After the entire map is drawn and attributes assigned, save the layer edits into the shapefile, and the overall QGIS project to a project file. We're almost ready for the spatial analysis, but first, let's return one last time to the CRS. As mentioned in the brief tangent that I took earlier, the CRS may be needed if you're done a spatial autocorrelation and defining neighbors by centroid distance. If so, you'll need to know the scale of your map and the features within. QGIS contains a measure line tool. I took a few measurements of the overall width and height, as well as some feature specific measurements, and printed a hard copy of the map. Because I choose a CRS based on feet, the measurements are in feet. I also recorded the (X,Y) coordinates of the top left & right and bottom left & right corners to facilitate plotting in R.

Finally, with the shapefile layer created, we're ready to read it into R (or the statistical software of your choice) for the spatial analysis. The code to do this is relatively straightforward and included below to demonstrate reading and plotting the map.

Sample codes in R

Reading shapefiles

library(maptools)

Read the shapefile into R

map = readShapePoly("Path/to/shapefile/shapefile_name_without_extension", proj4string=CRS("+proj=tmerc +lat_0=38 +lon_0=-75.41666666666667 +k=0.999995 +x_0=200000.0001016002 +y_0=0 +ellps=GRS80 +datum=NAD83 +to_meter=0.3048006096012192 +no_defs"))

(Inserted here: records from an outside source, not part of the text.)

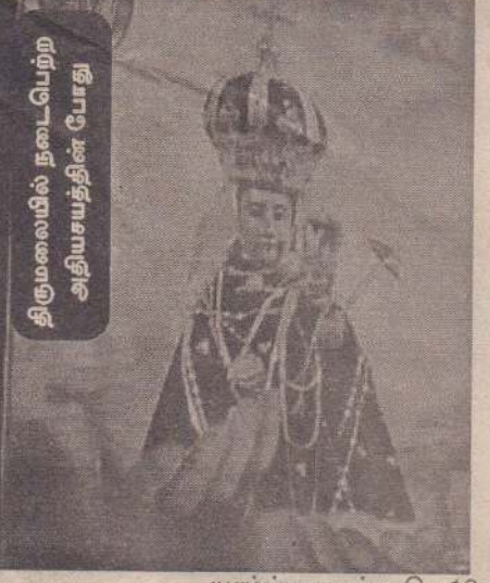
யாழ்ப்பாணம், டிசெ.16 மாதாவின் திருவுருவப்படங்களிலிருந்து இரு கைகளும் வெளியே வந்து ஆசீர்வாதம் வழங்குவது போன்ற அருட்காட்சி நேற்று பருத்தித்துறை தும்பளையிலும் திருகோணமலையிலும் பலரையும் பரவச்செடுத்தியது.

இக்காட்சியை கண்டு தரிசித்தனர் என்று எமது செய்தியாளர் தெரிவிக்கின்றார். இதேவேளை, திருகோணமலை 10 ஆம் குறிச்சியில் உள்ள சைவசமயத்தைச் சேர்ந்த ஒருவரின் வீட்டிலும் நேற்று மாலை மட்டு மாதாவின் திருவுருவப் படத்தில் அற்புதம் நிகழ்ந்தது. அந்தப் படத்தில் இருந்து இரு கைகளும் வெளியே வந்து ஆசீர்வாதம் வழங்குவது போன்று அருட்காட்சியைக் கண்டு வீட்டார் பரவசமடைந்து வழிபட்டனர்.
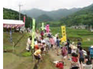
すみやま田植え祭での都市住民との交流

都市住民との交流促進を目指して 地域資源を活用し、都市住民との交流を図り、農産物等のアピールを行う。
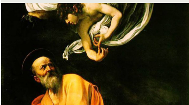
Saint Mathieu et l'Ange de Caravage - Bnf
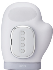
溫揉壓手部按摩器
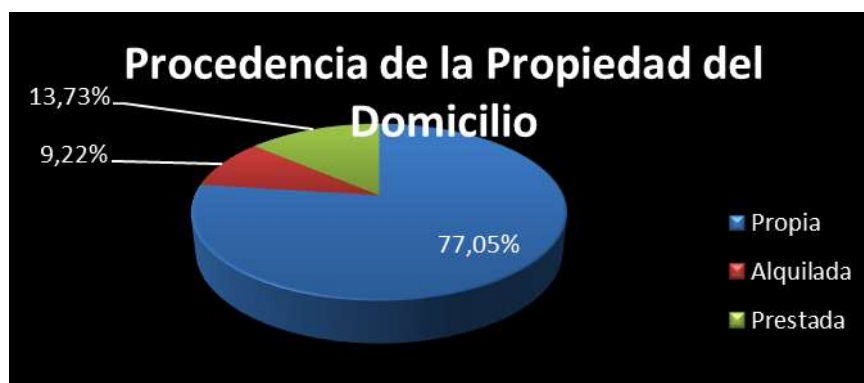
Figura 2 Procedencia de la propiedad del domicilio

Análisis.- Esta pregunta surgió como duda acerca de la procedencia de los domicilios de los encuestados en donde cerca de un 77% posee vivienda propia, un 10% están en una casa que es alquilada por amigos y compañeros; y también hay que mencionar que existe alrededor de un 13% están actualmente en viviendas que son prestada por familiares.
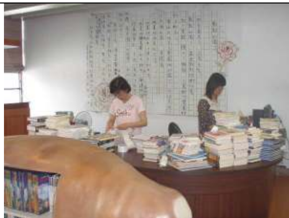
家長捐書、義工媽媽
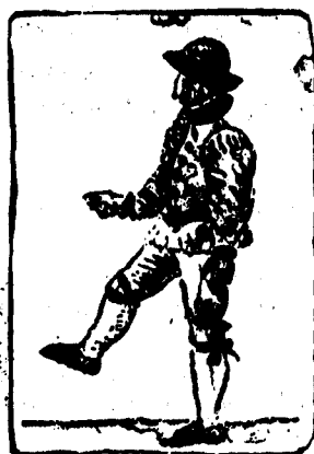
Levante al aire el pie derecho
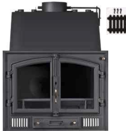
28 KW MODELOS 550/20 929 € Y 550/34 38 KW CALEFACTORA DE AGUA 1419 € Medidas 600-20: 75x57x57 Medidas 600-34: 83x69x61
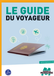
Le Guide du voyageur
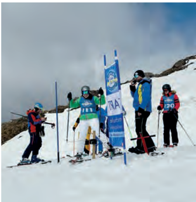
Widrige Wetterverhältnisse stellten die Teilnehmer dieses Jahr vor eine besondere Herausforderung.
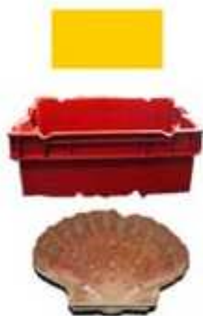
La Coquille St Jacques
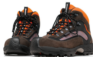
БОТИНКИ TECHNICAL С ЗАЩИТОЙ ОТ ПОРЕЗОВ БЕНЗОПИЛОЙ 596 30 64-42
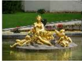
Lin.V, Wasserparterre, Springbrunnengruppe "Flora und Putten", DI006122, BSV
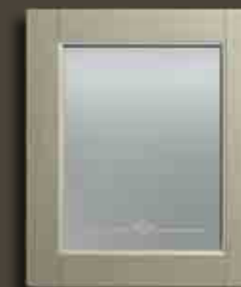
VERDE SALVIA E VETRO SATINATO
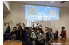
Laboratori didattici per i più piccoli

Laboratori, esperimenti e progetti da concordare con gli insegnanti
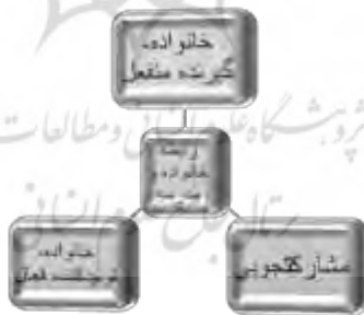
نمودار ۴: مدل مفهومی رابطه احتمالی خانواده و مدرسه

در یک نگاه تقابلی-ارتباطی، نقش‌های رابطه خانواده و مدرسه را نسبت به هم می‌توان در مدل مفهومی زیر ساده‌سازی کرد (نمودار شماره ۴).
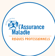
CPAM ou CGSS/CSS en outre-mer
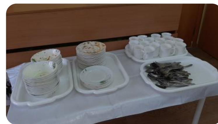
Сокращение времени при уборке посуды
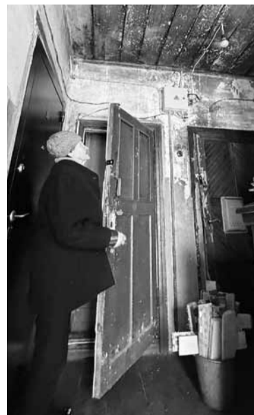
• На втором этаже дома течёт крыша
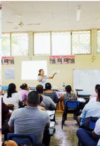
先生への研修会を実施しました
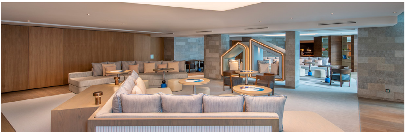
W Studio 4 & Foyer
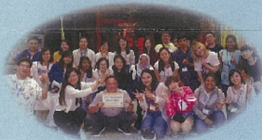
2018年度 奨学生産見高研修会にて(2017年度・2018年度財団奨学生)

《注意》学校種別で1名のみでの申請となります。奨学金種別は当財団で決定いたします。
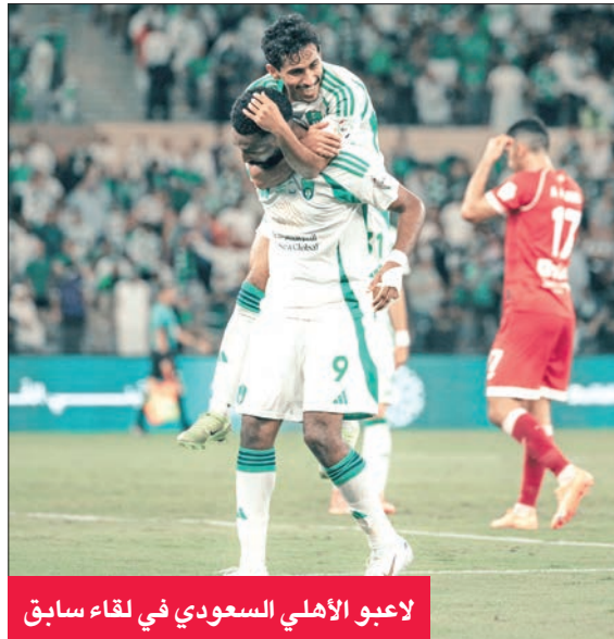
لاعبو الأهلي السعودي في لقاء سابق

يتطلع الأهلي السعودي للاحتفاظ بصدارة ترتيب دوري أبطال آسيا للنخبة في كرة القدم اليوم، عندما يستضيف استقلال طهران الإيراني ضمن منافسات الجولة السادسة وسط مطاردة سعودية عبر الهلال والنصر، في حين يدور صراع على البطاقات المؤهلة الى الدور ثمن النهائي. ويظهر الأهلي في المسابقة القارية بصورة مختلفة عن الدوري المحلي، حيث يحتل المركز السادس بفارق 13 نقطة عن الاتحاد المتصدر، في حين أنه لم يخسر بعد في 5 مباريات قارية كان آخرها الفوز على العين الإماراتي حامل اللقب 2 - 1 الأسبوع الماضي. ويتبوأ الأهلي صدارة ترتيب دوري الأبطال برصيد 15 نقطة بفارق نقطتين عن الهلال والنصر. ويدرك الفريق أن مهمته لن تكون سهلة أمام الاستقلال الذي سبقاقتل من أجل الاحتفاظ بأماله في التأهل، حيث يحتل المركز السابع برصيد 4 نقاط. ويستضيف النصر اليوم أيضاً نظيره السد القطري في مواجهة قوية، حيث يسعى الأخير لضمان عبوره الى الدور المقبل.
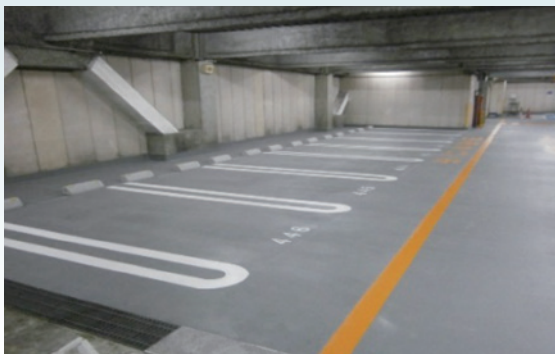
[ 岡山市 ]
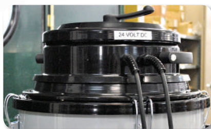
4 В напряжение
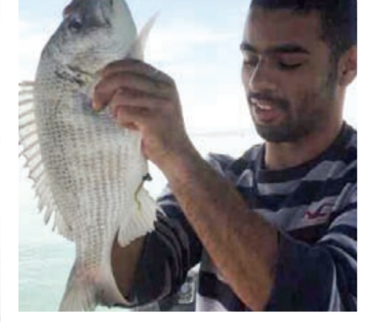
ويقول: الصيد أرزاق يوزعها رب العباد كيف يشاء والخبرة هي مفتاح الوصول لأفضل مواقع الأسماك لأن صاحب الخبرة والمهارة يعرف متى يدخل للبحر وأين يذهب وماذا يريد أن يصطاد ويختار المايه الصح ويختار أيضا الييم المناسب في المكان والوقت الأفضل ولا شك أن مسالة الليل والنهار لهما أصحابهما وكل شخص له رغبة في شيء معين يخلص له ودائما نجد صيد النهار أكثر من الليل والسبب هو أن في هذا الوقت تكون الأسماك متواجدة وترعى، أما الليل فأغلب الأسماك تكون حركتها خفيفة وتواجدها يكون شبه مقطوع، فلماذا أغلب الحداقة يفضلون صيد النهار، وطبعاً يحلو الصيد أكثر شيء عند الكل في فصل الشتاء لأن الجو يكون جميلاً جداً، وخصوصاً إذا كان مغيماً وفيه رششة مطر خفيفة راح يكون في هذا الوقت تحديداً الشعم طاقع وأكثر من هذا الشيء شفو تبي بعد.
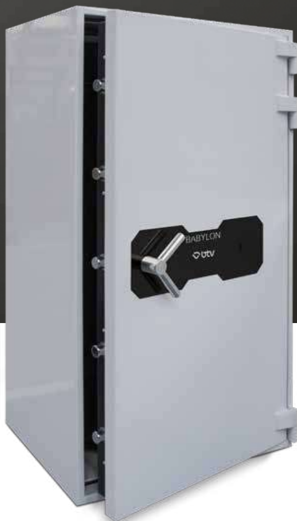
BABYLON 150 K
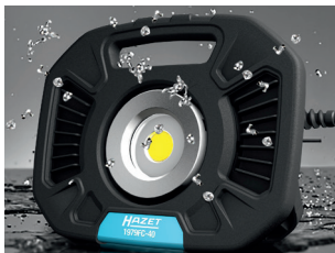
Spritzwassergeschützt / waterproof: IP54
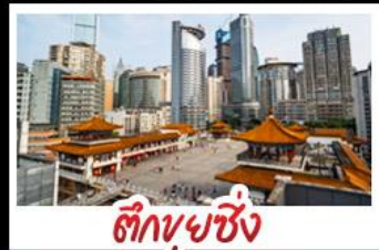
ตึกขุยซิ่ง

พระแกะสลักหินต้าจู้ - หลุมฟ้าสะพานสวรรค์ - เขานางฟ้า ตึกขุยซิ่ง - ตึกตะเกียบ หมู่บ้านโบราณฉือซีไห่
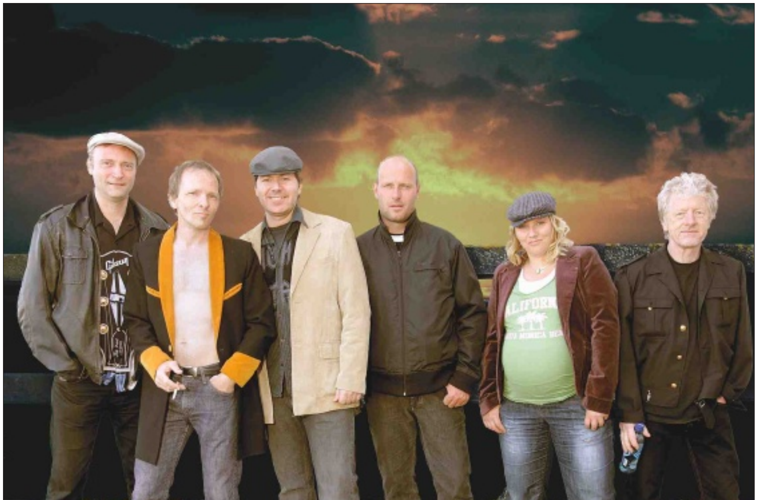
SPILLER GASOLIN: FullGas skal gjenskape stemningen fra den legendariske konserten Gasolin hadde i Kuppelhallen i Stavanger for 30 år siden.

– En kollega av meg så annonsen. Siden jeg er dansk, tenkte jeg dette kunne være en
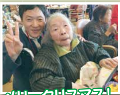
メリークリスマス!
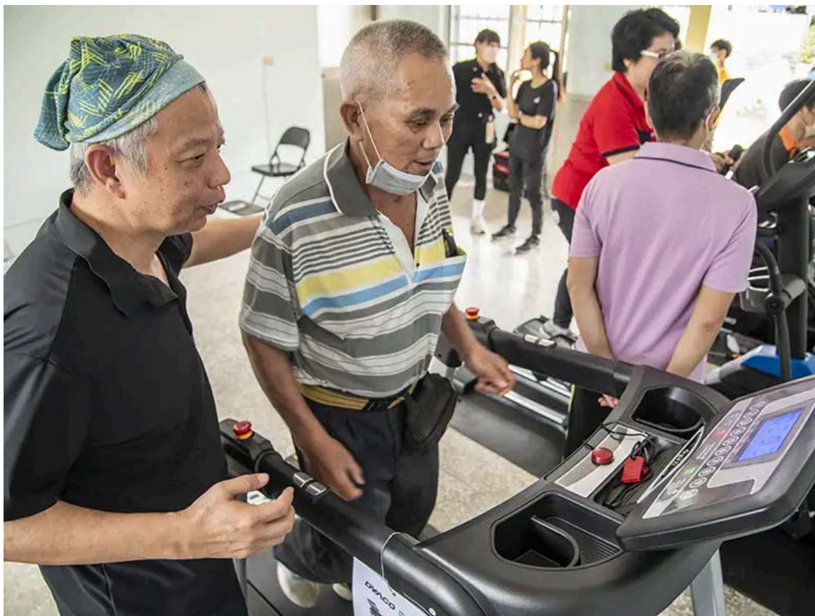
取得體適能指導員證照畢業校友於社區擔任駐點健促教師服務長輩。

嘉藥自106年度起投入USR計畫，至今已邁入第9個年頭。多年來，學校持續運用大學端專業知識與技術資源，深化地方社區營造與環境永續推動模式，本次通過的深耕型計畫包括「嘉藥攜手阿蓮：傳承共榮×永續城鄉」，聚焦健康促進與食品安全，及「永續安南：生態社區×環境教育×綠色產業的深耕發展」，專注於環境永續與生態教育。萌芽型計畫中，以「二仁溪流域後現代城鎮漣漪翻轉策略：擴散河海聚落振興力量」促進產業鏈結與經濟永續，「活酪大內健康藥營 - 推動大內智慧農業與醫療」結合在地農業產品與醫藥技術，提升地方經濟效益，及「西港風•敘事雲：智慧科技永續西港生活文化」，以智慧科技推動西港文化的永續發展。
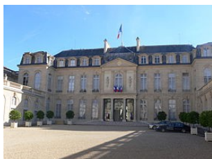
Palais de l'Élysée, demeure du président de la République

La République française est dirigée par le président de la République, élu par les citoyens français. Son mandat dure cinq ans. C'est lui qui nomme le Premier ministre qui dirige le gouvernement.
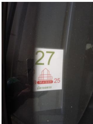
ภาพที่ 9 บัตร/สติ๊กเกอร์จอดรถ
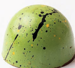
Pie de limón
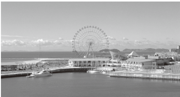
株式会社H.I.S.との検討が始まったラグーナ蒲郡

問 ラグーナ蒲郡の新しい運営事業者として株式会社エイチ・アイ・エスが挙げられている。同社のハウステンボスへの経営参加事例では、佐世保市から10年間に渡って固定資産税相当額の交付金を受ける約束や不採算部門の自治体負担等の条件を掲げている。これ以上の負担をしないという
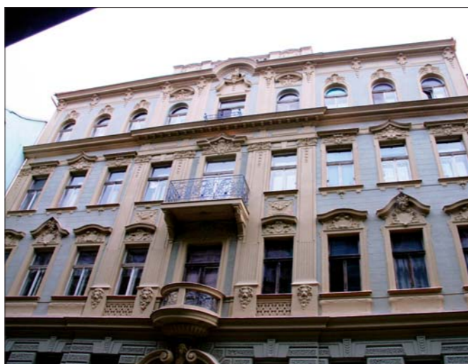
Fasáda Ve Smečkáč 6 – po

Note: to obtain the proj4 string defining the CRS, copy and paste the contents of your shapefile.prj file to http://www.prj2epsg.org/search. Then, go to http://spatialreference.org and search for the EPSG number returned from the previous results. Clicking the proj4 link will obtain the correct string.

Get attribute "bed" from the shapefile

bed_list = as.character(slot(map, "data")$bed)

Based upon the order of the beds in bed_list, you can now tally the outcomes by the feature. Then we can assign colors, say by quintile, to the various areas to visually depict gradients in outcomes.

Plot map with color densities

plot(map, border="#333333", col=)

Apply attribute labels to the center of each geographic feature

text(t(sapply(slot(map, "polygons"), function(i) slot(i, "labpt"))), cex=0.9, labels=bed_list)

Edit: The plotting functions above are manually creating a choropleth map. For a more streamlined and visually pleasing figure, see this article in Spatial Demography.

Cite: Goldstein ND. Creating your own spatial analysis maps as shapefiles with QGIS. Oct 13, 2016. DOI: 10.17918/goldsteinepi.